Рейнскорт был вне себя от бешенства и, когда все вышли из комнаты, стал ходить из угла в угол, потрясая кулаками и грозя ими М'Эльвина, которого он теперь считал своим смертельным врагом. Он подумал было послать ему вызов отчасти для того, чтобы удовлетворить своему чувству мести, отчасти — с целью убрать с дороги такого важного свидетеля. Вдруг кто-то постучался в дверь, и в комнату вошел домашний доктор, пользовавший Сеймура. Он явился сюда доложить о состоянии своего больного и, как многие врачи, старался преувеличить степень болезни, чтобы приписать себе лишние лавры по выздоровлении.

— Так вы думаете, что он может умереть? — спросил Рейнскорт, рассеянно слушавший доктора, весь поглощенный собственными мыслями.

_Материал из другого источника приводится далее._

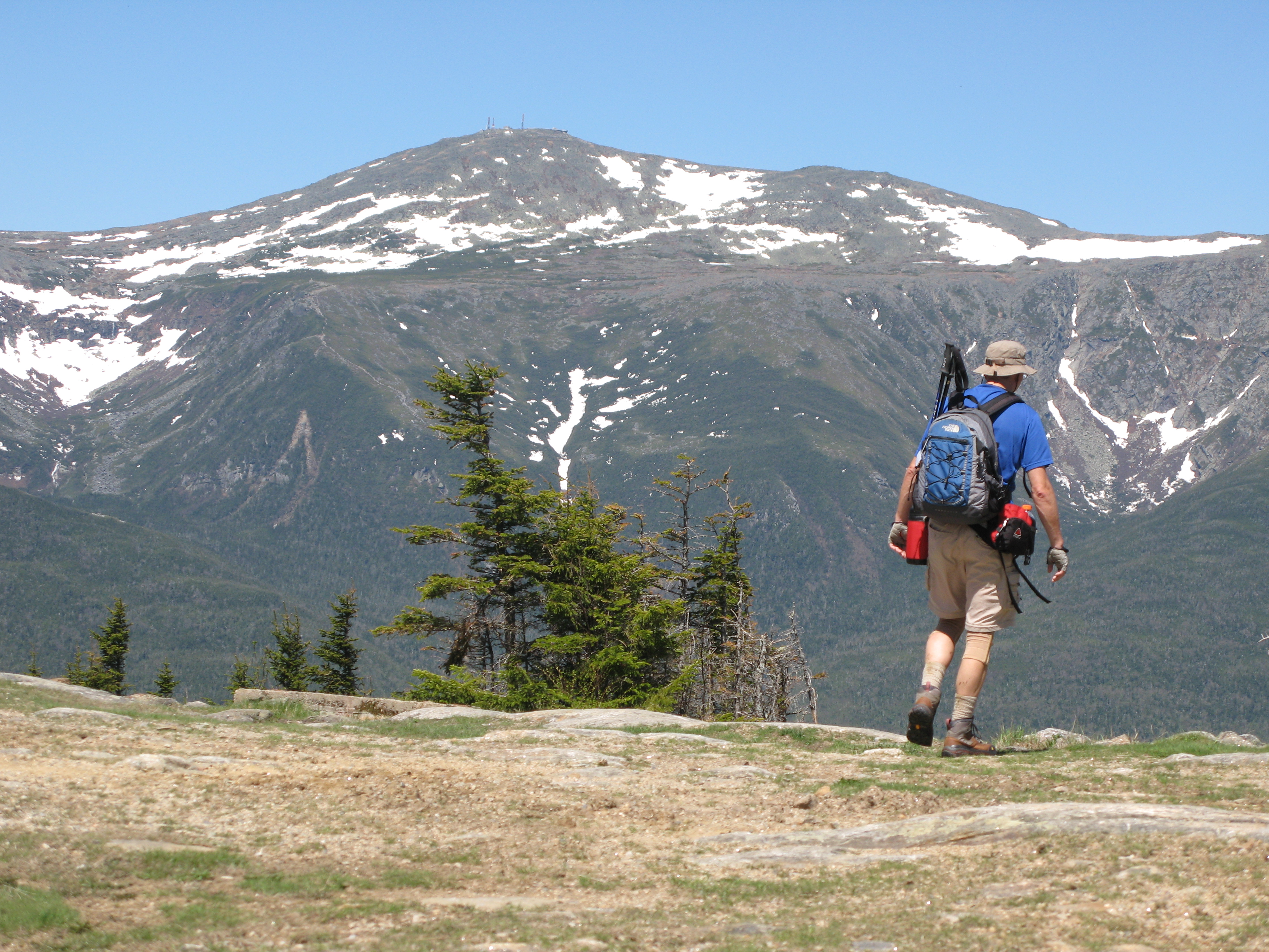 Le lendemain matin 4h00 nous étions debout pour se préparer à cette journée dans la pluie, nous partons vers les 6h00 sous une fine pluie qui nous accompagna pendant 4 km, soit jusqu’au camping la fougère. Par la suite la brume est présente tout au long de la montée du Albert avec en prime une attaque de maringouins à n’en plus finir, impossible de prendre des pauses sauf pour les photos. C’est en descendant dans la cuve que le tout s’est dégagé à notre plus grand plaisir. Le paysage était féerique dans un environnement où la roche rouge se confondait avec la neige et les fleurs mauves. Nous avons encore croisé Tara et Mickael dans les grosses roches de serpentine qui font la renommée de la cuve. Le rythme était bon malgré un terrain difficile. Nous avons donc pris une bonne pause à la serpentine (halte de repos). Après le repos le terrain devenait facile pour monsieur et madame tout le monde. C’est à 13h00, après 7 heures de randonnée que nous avons rejoint le refuge du Geai Gris au camping du mont Albert. Une bonne douche chaude nous attendait au camping et un bon dîner en compagnie de Tara et Mikael, de plus, nous avions donné rendez-vous à Michel et Gaétan au bistro du piedmont pour le souper. Ces deux derniers se sont pointés vers les 17 heures. Un bon souper et ensuite nous sommes rendus au refuge pour se coucher, nous en avons profité pour s’alléger un peu pour le reste de l’expédition dans les McGerrigles.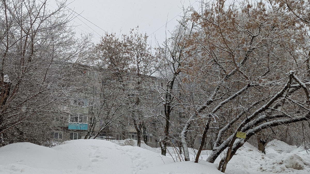 Горы снега заметно осели. Уже который день днём у нас держится плюсовая температура. На дороге лужи и проталины.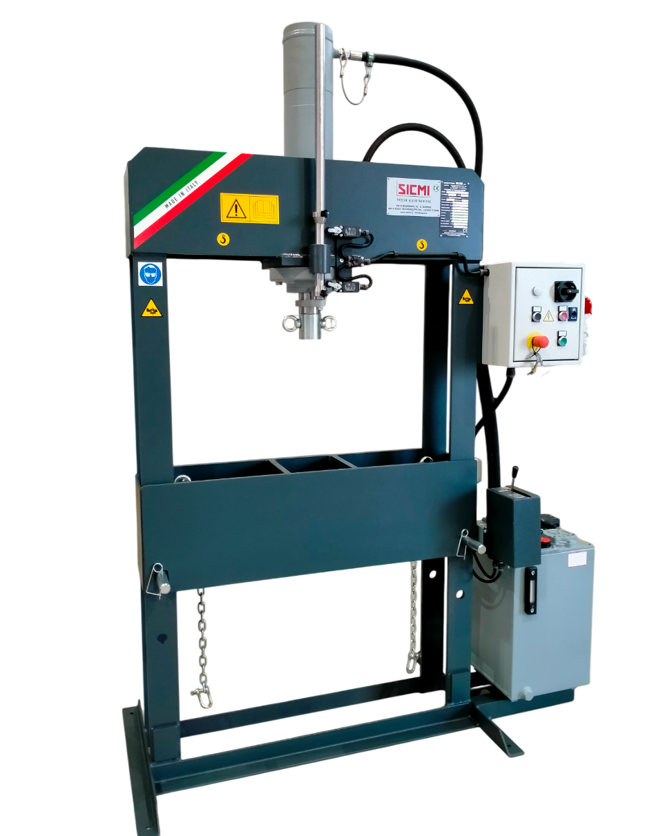 The SICMI – PSS 40 S semi-automatic hydraulic workshop press is a versatile tool perfect for a wide array of tasks within any mechanical workshop. Its capabilities include straightening metal sheets, disassembling bearings and bolts, as well as performing stamping and material shaping operations.
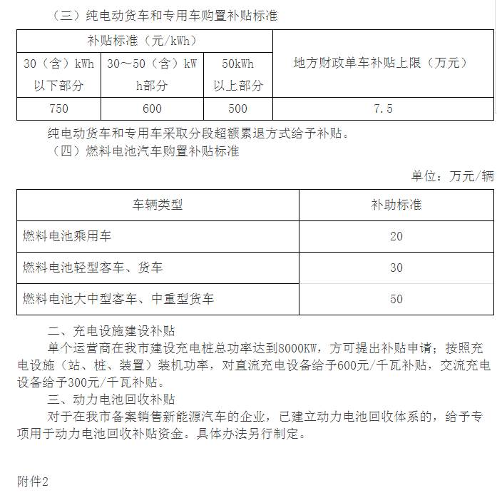對取得我市交通運輸管理部門營運許可的純電動貨車和專用車,按照中央單車購置補貼標準的50%,以提供驅動動力的動力電池總儲電量為依據(jù),采取分段超額累退方式給予補貼。

— Да, без сомнения, может, хотя мы можем надеяться на лучшее!

— Прекрасно, доктор, я уверен, что вы сделаете все возможное, не смею вас больше задерживать! — и он вежливо поклонился доктору, который тотчас же удалился.

Оставшись снова один, Рейнскорт опустил голову на руки и долгое время сидел неподвижно в этой позе, повторяя время от времени: «он может умереть!» Затем встал и, приказал позвать к себе старую нянюшку, вырастившую его самого, а также и дочь его, старую Нору, которая в дни крайней бедности и нужды оставалась им верна, питая к семье Рейнскорт чисто собачью привязанность.

— Нора, — обратился к ней Рейнскорт, — я имею сообщить тебе крайне неутешительные новости! Знаешь ли, что этот замок уже не мой, и я снова нищий, беднее последнего нищего и что меня скоро засадят в тюрьму, моя дочь останется без гроша, ты же будешь выгнана из замка на улицу на старости дней!

— Да кто же сделает все это? — спросила с удивлением старуха.

— Кто? Этот молодой красавчик, этот раненый офицер, за которым мы все здесь ухаживаем! — Вот его благодарность!

— О, о… а он такой молодой и такой прекрасный!

— Да, но он может умереть!

— Да, конечно: он, бедняжка, так болен!

— Но он может и выздороветь!

— И это, конечно, возможно: он так молод!

— Ну, а теперь скажи мне, Нора, любишь ты своего господина? Любишь ли свою молодую госпожу?

— Как вы можете меня спрашивать о таких вещах! Скажите, что я должна сделать, чтобы доказать вам это, и я готова душу свою положить за вас!

— Ну, так этот офицер должен умереть!

— Должен умереть! — повторила старуха, уловив мысль своего господина. — А простит ли мне духовник этот грех?

— Простит! Я заплачу за 10 000 обедень за твою душу!

— Но что же я должна сделать?

— Что? Придумай сама: ты по ночам все равно не спишь!

— Не сплю, крысы мешают!

— Крысы! Купи для них мышьяку. — Понимаешь? Это прекрасное средство против всякого рода крыс. Слышишь, достань мышьяку и, когда начнет светать, принеси его мне сюда!

Старуха ничего не сказала и поплелась прочь из комнаты. Оставшись один, Рейнскорт опять стал раздумывать: минутами он готов был предоставить все судьбе, но затем, при мысли о предстоящих ему невзгодах, что-то возмущалось в нем против неповинного юноши, и он снова решал спихнуть его с своей дороги.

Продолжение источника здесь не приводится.